Existir não é viver. Aquilo que nos parece simples e, por vezes, banal, constitui-se num fenômeno tão complicado da natureza que foge à compreensão comum. O nascimento é fruto de um complicado processo de seleção natural em dimensões microscópicas. Para se ter uma pálida idéia basta pensar na fecundação. Pelo lado masculino, cada ejaculação lança cerca de 400 milhões de espermatozóides na vagina. A partir daí se dá a procura pelo óvulo. A maioria dos espermatozóides fracassa na tentativa de passar pela cérvix. Os que conseguem passar vão para as tubas uterinas ao encontro do óvulo que, se liberado, receberá um verdadeiro bombardeio de espermatozóides para permitir o ingresso de apenas um.
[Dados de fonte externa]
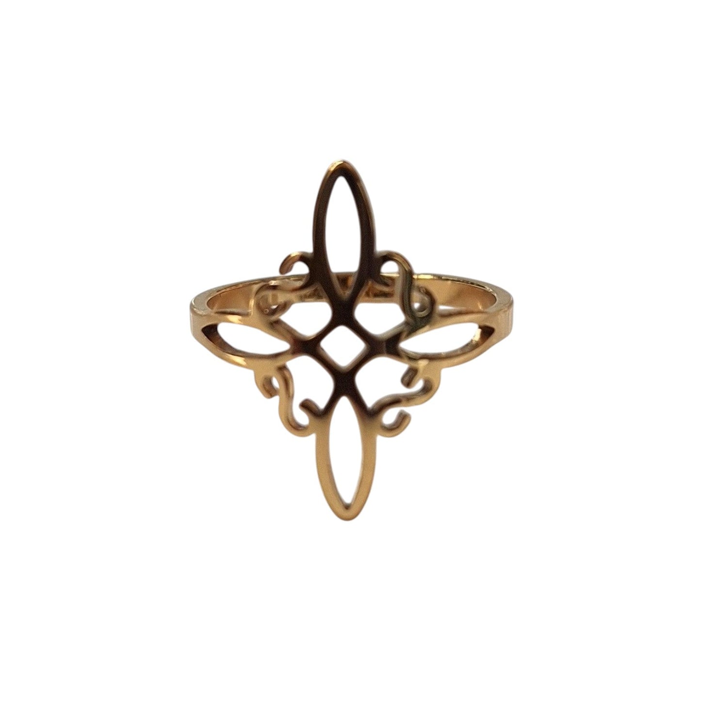 Inspirée des anciens symboles de sagesse et de protection, cette bague en acier inoxydable doré allie puissance spirituelle et élégance contemporaine. Son design raffiné met en valeur le Nœud de Sorcière celtique, un motif sacré représentant la continuité, la force et la protection intérieure.

Pelo lado feminino, este milagre não acontece a qualquer hora. Para que as condições estejam propicias para a fecundação, é necessário que aconteça a ovulação: fenômeno ocorrido uma única vez por mês e em apenas um dia.
Após tudo isso, inicia-se um longo e complexo processo de reprodução celular para, nove meses depois, se dá o nascimento. Passando ao largo das discussões entre os pró-vida e os pró discriminalização do aborto, apenas para efeito da nossa argumentação, entenderemos o início da existência a partir do nascimento.
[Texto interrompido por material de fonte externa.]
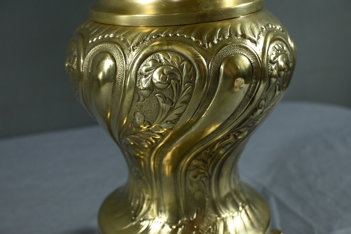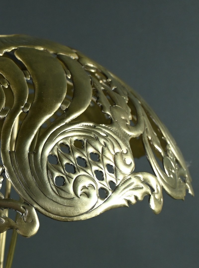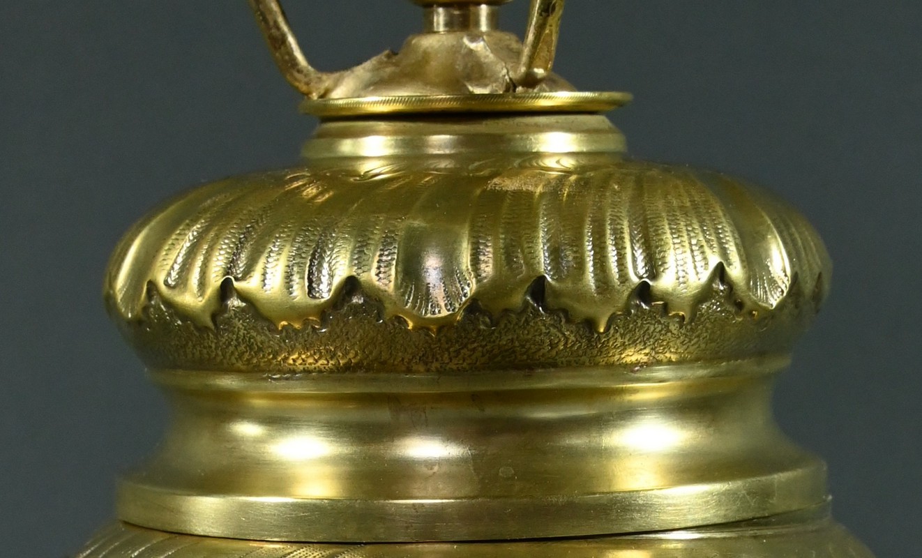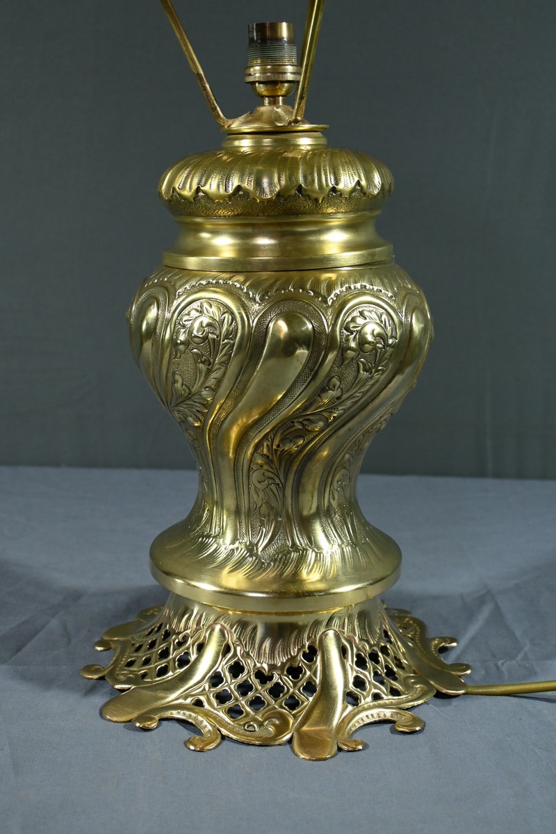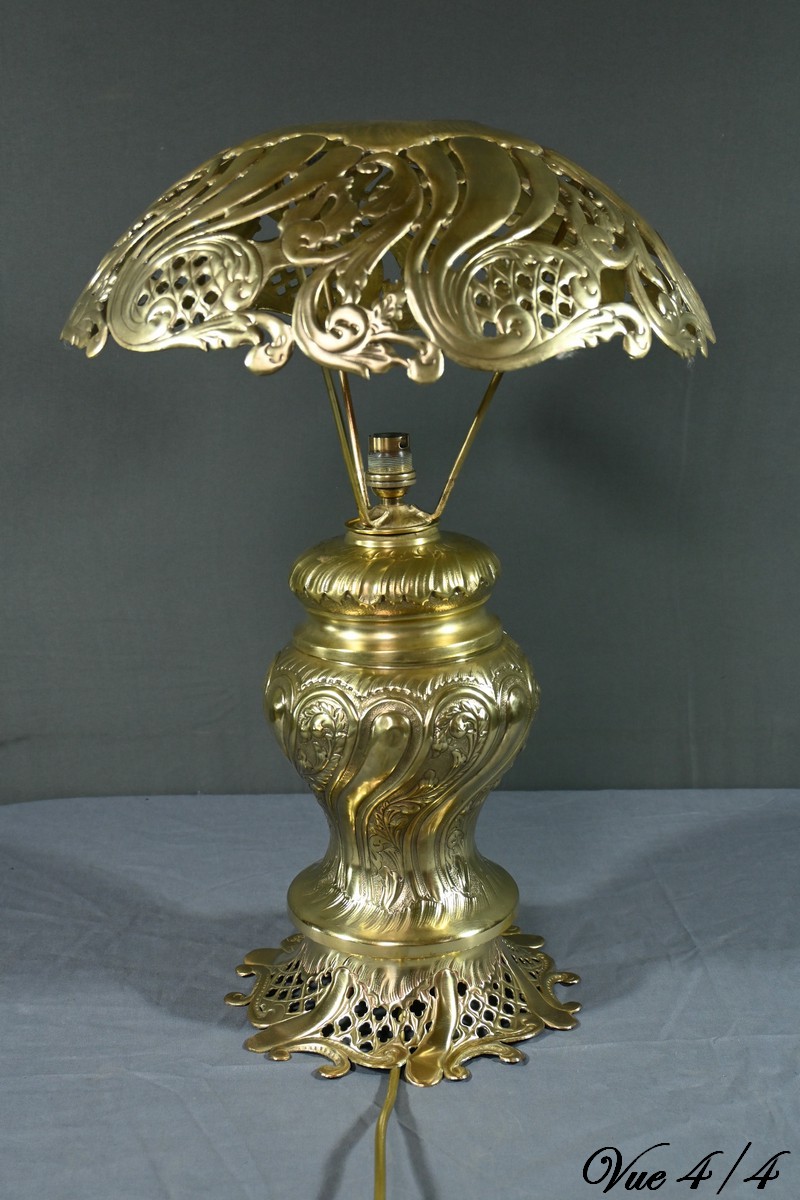Cette lampe en laiton doré, datant des années 1920, est un véritable bijou de l’art décoratif.

Depois de um processo complicado como o descrito acima, tendemos a achar que viver é uma espécie de desdobramento natural do existir. Chegam mesmo a se imiscuir, tornando-se uma mesma coisa. Em algum momento da nossa existência nos damos conta de que esse engano nos custou algo ‘irrepetível’: a própria vida. Quando descobrimos isso tendo pela frente um tempo razoável para construir uma vida verdadeira, menos mal. O problema é que a maioria descobre essa verdade muito tarde. E não me venha pra cá com esse discurso de que a verdadeira vida é aquela que vem depois. Acredito numa vida que se segue a essa, mas não tenho o direito de desperdiçar a que posso construir aqui. Ela é única.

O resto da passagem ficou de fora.